Unfortunately, this lack of vigour extends throughout the movie. The ensemble villagers, the village itself, even the castle and surrounds lack the vibrancy, colour and energy of the original. There’s very little oomph in the musical numbers, and Gaston’s song is especially lacklustre, as is Be Our Guest. As the most rousing, singalong songs of the soundtrack, this is disappointing when you’re expecting a joyous, toe-tapping time. The lyrics and the melodies are all the same, but missing that certain je ne sais quoi.
Thank goodness then that Watson and Dan Stevens as The Beast shine. Here is where I’ll say live-action and motion-capture CGI characters win over traditional animation. Both Watson and Stevens can express a wider range of delicate and understated emotions, which in turn sells the love story in a far more genuine way. Watson plays Belle as a straightforward, takes-no-crap young woman, who gives as good as she gets from Beast. And while Stevens’s Beast is a mean, easily angered, well… Beast, he has far more range and depths to draw on. The love story is no longer a switch thrown in the middle of the movie, but has a solid build-up and a natural progression that the original definitely lacked.

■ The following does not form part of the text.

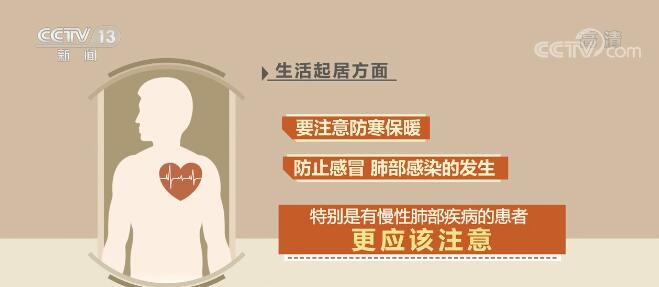 生活起居方面:要注意防寒保暖,防止感冒、肺部感染的发生,特别是有慢性肺部疾病的患者,更应该注意。

If we weigh up all the pros and cons of Beauty and the Beast, I can’t tell you if they balance out. The story tampering couldn’t fix all the loose ends and problematic situations of the animated original, but it goes a long way towards righting some previous head-scratching plot points. The elaborate CGI animation and world-building is worth all the technical points it can score, but takes a little soul out of the overall experience. Do I think it’s still worth watching? Definitely. Nostalgia is undoubtedly a powerful force, but fans of the original can expect to be satiated, if not entirely pleased.